Model selection
To investigate potential factors influencing activity patterns associated with the lunar cycle, we developed two models: a mixed effects model to explore factors that might influence activity during the lunar month, and a logistic mixed effects model to examine whether the lunar cycle influences habitat preference or avoidance by leopard and prey during the lunar cycle.
For the first model that explored lunar cycle activity, we examined which factors were associated with an increase or decrease in activity closer to the full moon phase (e.g., lunar phobic versus lunar philic). To investigate this hypothesis, we used a Generalized Linear Mixed Effects Model (GLMM) using only nocturnal data (activity predominantly between 1 h after the sunset and 1 h before the sunrise), with temporal activity events occurring during the full moon’ as the response variable to check lunar phase influences on animals’ activities (Norris et al., 2010). Wed also categorized seasons as either summer or winter as we suspected that predators and prey may shift their activity in the different seasons (Yang et al. 2019). In addition, there is an ecologically significant factor which positively influences an animal’s night and day activity called ‘Moonlight Risk Index’ (MRI) (Gigliotti and Diefenbach, 2018, Searle et al., 2021). We calculated this index of nocturnal luminosity by multiplying together the amount of the moon illuminated, the proportion of time between sunset and sunrise that the moon was above the horizon and their information taken from moonrise software for each moon phase data stamped on camera trap images and the inverse proportion of the sky covered in clouds between 0 (overcast) and 1 (clear) as an explanatory variable; clouds cover information data for each capture event was taken from a free online data source in the Heshun county in tieqiaoshan provincial nature reserve (TPNR) in Shanxi province China (https://m.tianqi.com/lishi/heshun/201601.html) see for more details in Table 1.
First, for all global models used in model 1 or 2, we checked for multi-collinearity using the variance inflation factor (VIF), with covariates eliminated from our model at VIF > 3, and using Pearson correlation test, a variable was excluded when correlation |r| > 0.7 with other covariates (Yang et al., 2019). Second, we used super-ranked correlation test to check leopard and prey temporal co-occurrence or avoidance. Third, the GLMMs were fitted using the R package lme 4 and MuMIn (Yang et al., 2019).We used stepAIC to select the most parsimonious model at delta AICc ≤ 2 (Zaman et al., 2019, Zaman et al., 2020b).

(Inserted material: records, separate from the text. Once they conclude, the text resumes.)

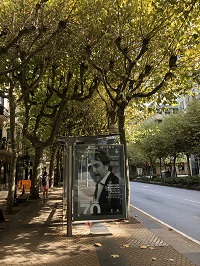 | 映画祭ポスターが飾られているバス停 |
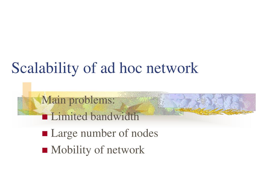 Scalability of ad hoc network Main problems: Limited bandwidth Large number of nodes Mobility of network
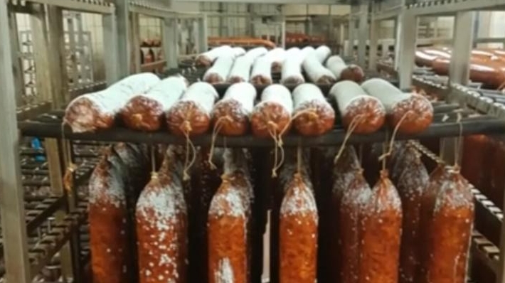 Camerele de supraveghere l-au surprins in flagrant in timp ce indesa salamurile din vitrine in plasa in timp ce vanzatoarea servea alt client.
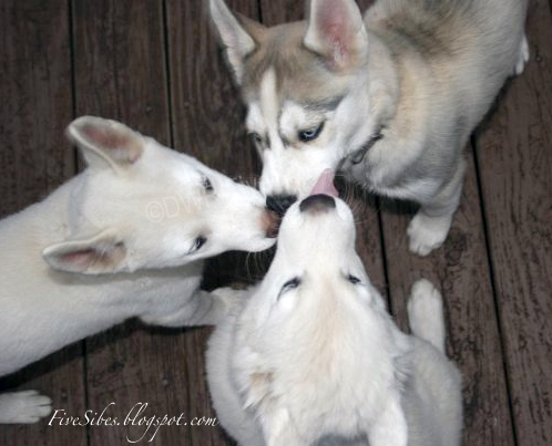 Today may be the last day of August, and while summer is almost over, you sure can't tell by the hot, muggy weather we've been having here! The Sibe kids' pool has once again been filled...and they have some new, cool Kong toys to play with, thanks to our friends Holly and the Huskies! These toys have been such a hit, both in and out of the pool! Many "thank wooos" to Holly, Nala, Ariel, Boo, Timber, and Chip for such a wonderful summertime surprise!!! Holly is new to blogging, so if you could stop by and give her a nice Bloggerville "welcome" and check out her beautiful Siberian Huskies, that would be great! Be sure to tell her FiveSibes sent you over! We hope everyone is enjoying the nice long Labor Day weekend!

For the second model which explored circadian activity events during the four different lunar phases for leopard and prey linked to habitat factors, we considered four moon phase activity occurrence events of the leopards and their prey species during the night and daytime into the following three categories: (1) nocturnal, as defined above; (2) diurnal, activity predominantly between 1 h after sunrise and 1 h before sunset, and; crepuscular, 1 h before sunrise to 1 h after sunrise and 1 h before sunset to 1 h after sunset (Zhao et al., 2020). For example, if a species was less active during the full moon or other lunar phase at the nighttime (lunar phobic), we examined whether that species shifted to being more active during daylight (full moon day or other moon phases) hours to compensate for the time ‘lost’ by being less active at night during the full moon phase. For each activity during night vs day events, ROC was used to define the accuracy of a classification model at the user-defined threshold value of 0.5 (Zaman et al., 2020b), and area under the curve (AUC) score of ≤ 0.7 (Jiang et al., 2015) and also ran a Shapiro–Wilk’s test and graphic examination of histograms were made to confirm that the data were normally distributed. We used a Logistic Generalized Linear Mixed Effects Model (GLMM) with the designation of day or night activity capturing events during four moon phases only set as the binary response variable (0 all moon phases of day, 1 all moon phases of night, i.e., day vs. night ). Habitat factors were included as explanatory variables and the camera trap identity was considered a random effect in our model to differentiate between the effects of non-dependent variables, removing when not a random effect (Yang et al., 2019, Zaman et al., 2019, Zaman et al., 2020b) and packages rocr, lmtest, car and package lme 4 and MuMIn were used for Logistic Generalized Linear Mixed Effects Model (GLMM) and all the analysis were computed in R statistical software V.3.5.1 package (www.r-project.org, R Core Development Team 2018).